[Problem statement]:
The required answer is a copy of each line in the entries below that includes "Foto".

[Stored data]
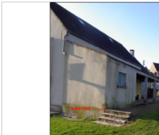
Salle des fêtes

Coordonnées WGS84 : X: 2.93864100 / Y: 48.67506300
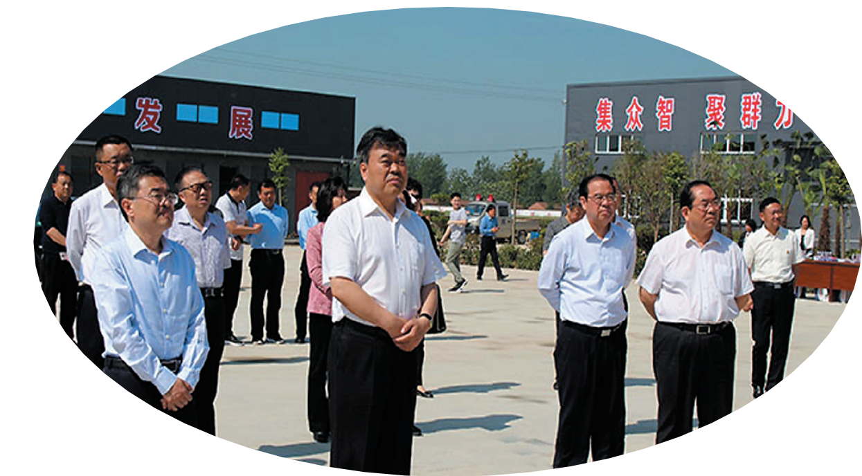
市委书记刘继标、市长丁福浩在沈丘调研扶贫车间开展情况。
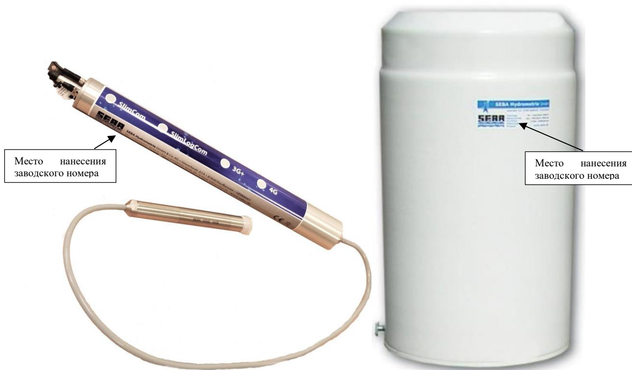
Рисунок 2 - Общий вид комплекса Levellogger, исполнения АГК-1 и АГК-2 с указанием места нанесения заводского номера (Контроллер SlimLogCom2EL и датчик DST-22– слева, датчик количества жидких осадков RG-50 - справа)
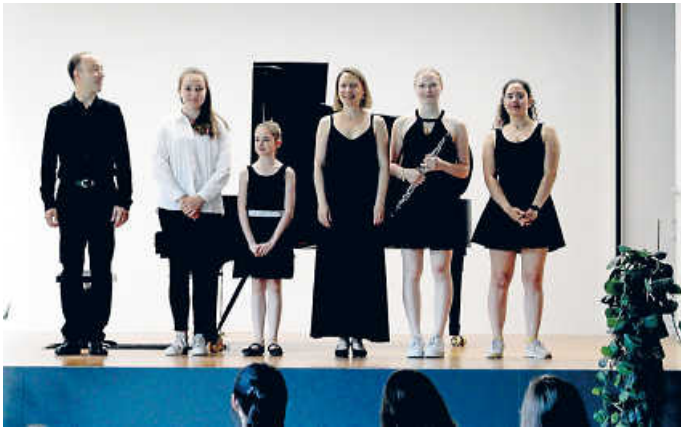
Schülerinnen und InstrumentallehrerIn erfüllten die Kleine Aula durch ihr Spiel
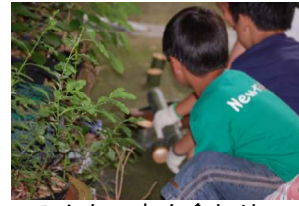
みんなで力を合わせて
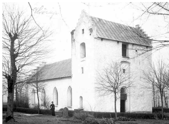
Hörups kyrka före den omfattande ombyggnaden 1905–1909. Foto t.v. okänd, t.h. Theodor Wählin. Bilderna är hämtade från Riksantikvarieämbetets bild databas Kulturmiljöbild.

Mellan 1905–1909 genomgick kyrkan en omfattande ombyggnad efter ritningar utförda av domkyrkoarkitekt Theodor Wählin med användning av Ludvig Petersons förslag från 1893. Wählin (1864–1948) var domkyrkoarkitekt i Lund mellan åren 1902–1943. I sina restaureringsuppdrag försökte han bevara byggnadsverkens olika historiska tillägg, även om han, liksom många andra arkitekter, hade svårt för den föregående generationens tillägg. Långhuset försågs med korsarmar i söder och norr och tornet med dubbla tornöverbyggnader eller avslutningar. Brunius kor och absidformade sakristia revs och ersattes av ett nytt kor och kvadratisk sakristia i öster. Taken belades med rött tegel och kyrkan fick nya fönster och
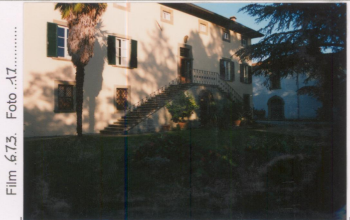
Film 6.73. Foto 17. .... p.v. N. ....
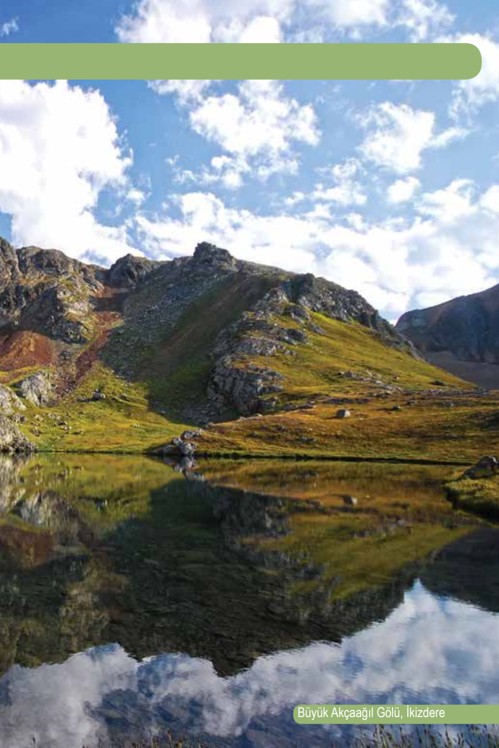
Büyük Akçaağılı Gölü, İkizdere

[Output]:
Hörups kyrka före den omfattande ombyggnaden 1905–1909. Foto t.v. okänd, t.h. Theodor Wählin. Bilderna är hämtade från Riksantikvarieämbetets bild databas Kulturmiljöbild.
Film 6.73. Foto 17. .... p.v. N. ....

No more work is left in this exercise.